#### [Prompt]
Could you write out, exactly as they stand, only the lines in the listing below from the line with "We encourage readers" to the line with "Whether it’s for", both ends included, without the pictures?

#### [Given records]

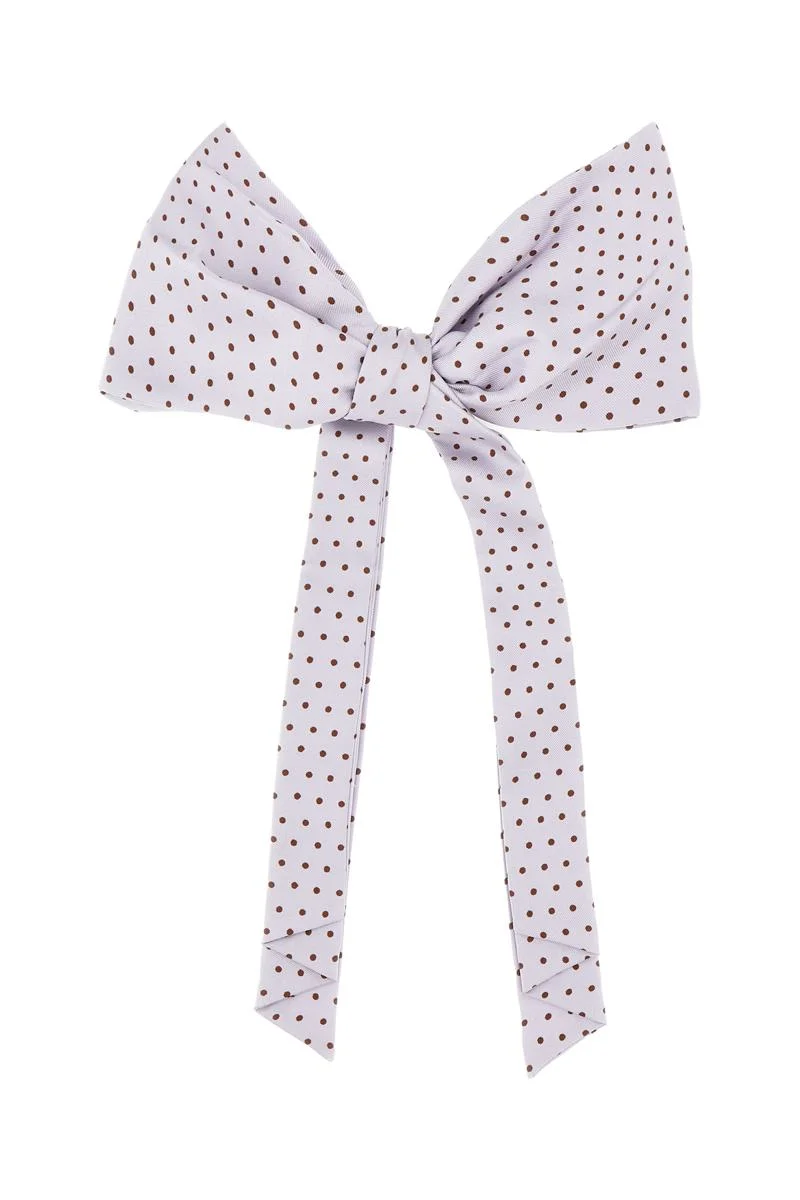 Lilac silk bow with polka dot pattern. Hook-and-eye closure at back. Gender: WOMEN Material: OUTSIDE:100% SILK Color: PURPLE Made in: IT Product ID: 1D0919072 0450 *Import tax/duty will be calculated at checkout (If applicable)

* * *

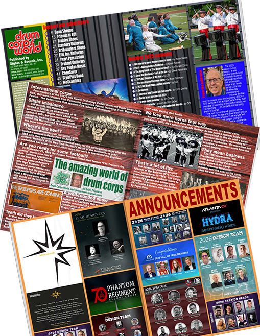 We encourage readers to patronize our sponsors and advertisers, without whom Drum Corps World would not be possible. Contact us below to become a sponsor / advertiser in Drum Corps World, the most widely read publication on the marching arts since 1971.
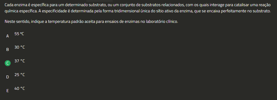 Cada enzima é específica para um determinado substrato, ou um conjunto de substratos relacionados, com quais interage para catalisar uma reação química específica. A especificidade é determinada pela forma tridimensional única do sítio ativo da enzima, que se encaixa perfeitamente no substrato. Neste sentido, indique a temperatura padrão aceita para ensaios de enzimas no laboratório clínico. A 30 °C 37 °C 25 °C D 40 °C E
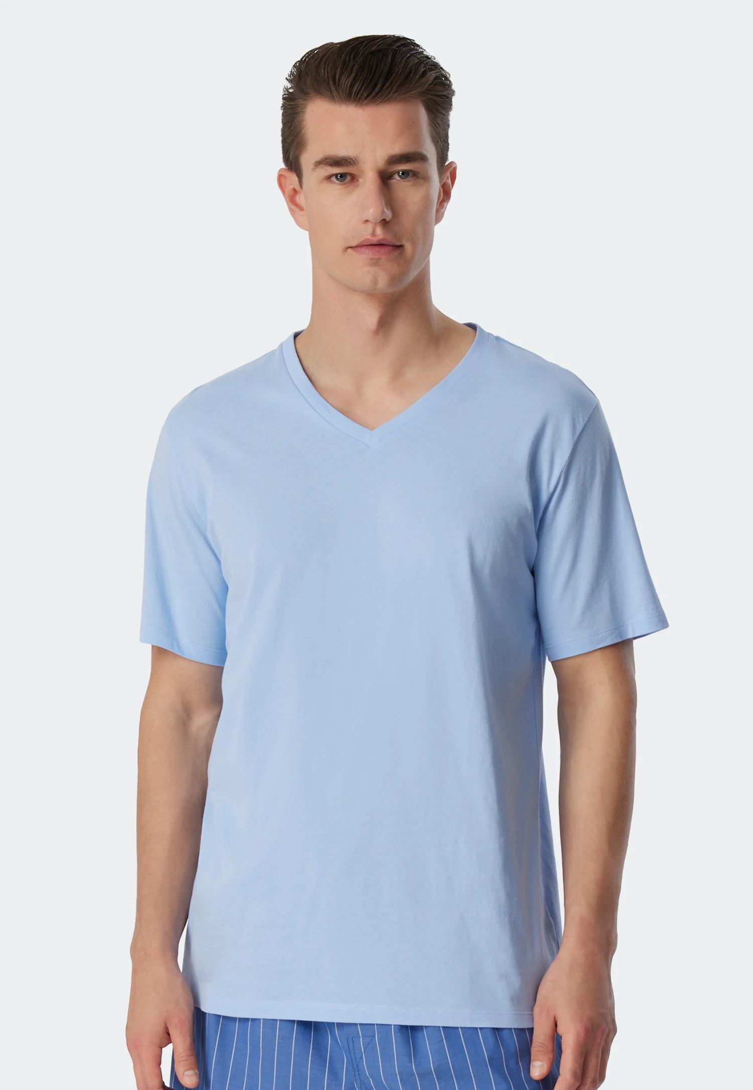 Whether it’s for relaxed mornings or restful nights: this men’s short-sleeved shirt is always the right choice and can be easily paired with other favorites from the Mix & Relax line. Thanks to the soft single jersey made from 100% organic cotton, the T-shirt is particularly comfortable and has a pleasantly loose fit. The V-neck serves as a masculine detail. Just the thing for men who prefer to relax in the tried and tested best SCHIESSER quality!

* * *

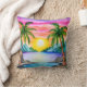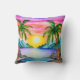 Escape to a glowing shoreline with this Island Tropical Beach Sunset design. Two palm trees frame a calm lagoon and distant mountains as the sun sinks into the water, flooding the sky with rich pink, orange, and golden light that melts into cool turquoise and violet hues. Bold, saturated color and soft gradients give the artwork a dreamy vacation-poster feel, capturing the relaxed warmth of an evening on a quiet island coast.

#### [Answer space]
 We encourage readers to patronize our sponsors and advertisers, without whom Drum Corps World would not be possible. Contact us below to become a sponsor / advertiser in Drum Corps World, the most widely read publication on the marching arts since 1971.
 Cada enzima é específica para um determinado substrato, ou um conjunto de substratos relacionados, com quais interage para catalisar uma reação química específica. A especificidade é determinada pela forma tridimensional única do sítio ativo da enzima, que se encaixa perfeitamente no substrato. Neste sentido, indique a temperatura padrão aceita para ensaios de enzimas no laboratório clínico. A 30 °C 37 °C 25 °C D 40 °C E
 Whether it’s for relaxed mornings or restful nights: this men’s short-sleeved shirt is always the right choice and can be easily paired with other favorites from the Mix & Relax line. Thanks to the soft single jersey made from 100% organic cotton, the T-shirt is particularly comfortable and has a pleasantly loose fit. The V-neck serves as a masculine detail. Just the thing for men who prefer to relax in the tried and tested best SCHIESSER quality!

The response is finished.